[PATCH] slab: fix oops when reading /proc/slab_allocators
From: Joonsoo Kim
Date: Tue Apr 15 2014 - 19:45:46 EST
commit 'b1cb098: change the management method of free objects of the slab'
introduces bug on slab leak detector('/proc/slab_allocators'). This
detector works like as following decription.

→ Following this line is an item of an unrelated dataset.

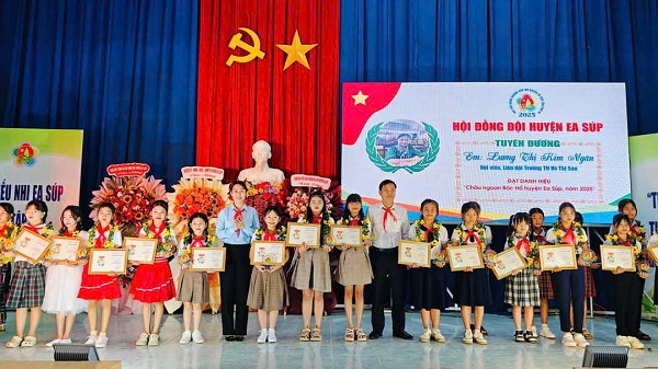Dịp này, Đại hội đã tuyên dương 60 em đội viên, thiếu nhi đạt danh hiệu Cháu ngoan Bác Hồ cấp huyện. Khen thưởng 03 tập thể đạt giải cuộc thi báo tường trưng bày tại Đại hội Cháu ngoan Bác Hồ huyện Ea Súp lần thứ IX, năm 2025.

1. traverse all objects on all the slabs.
2. determine whether it is active or not.
3. if active, print who allocate this object.
commit 'b1cb098' changes the way how to manage free objects, so logic
determining whether it is active or not is also changed. In before, we
regard object in cpu caches as inactive one, but, with this commit, we
mistakenly regard object in cpu caches as active one.
This intoduces kernel oops if DEBUG_PAGEALLOC is enabled.
If DEBUG_PAGEALLOC is enabled, kernel_map_pages() is used to detect
who corrupt free memory in the slab. It unmaps page table mapping if
object is free and map it if object is active. When slab leak detector
check object in cpu caches, it mistakenly think this object active so
try to access object memory to retrieve caller of allocation. At this
point, page table mapping to this object doesn't exist, so oops occurs.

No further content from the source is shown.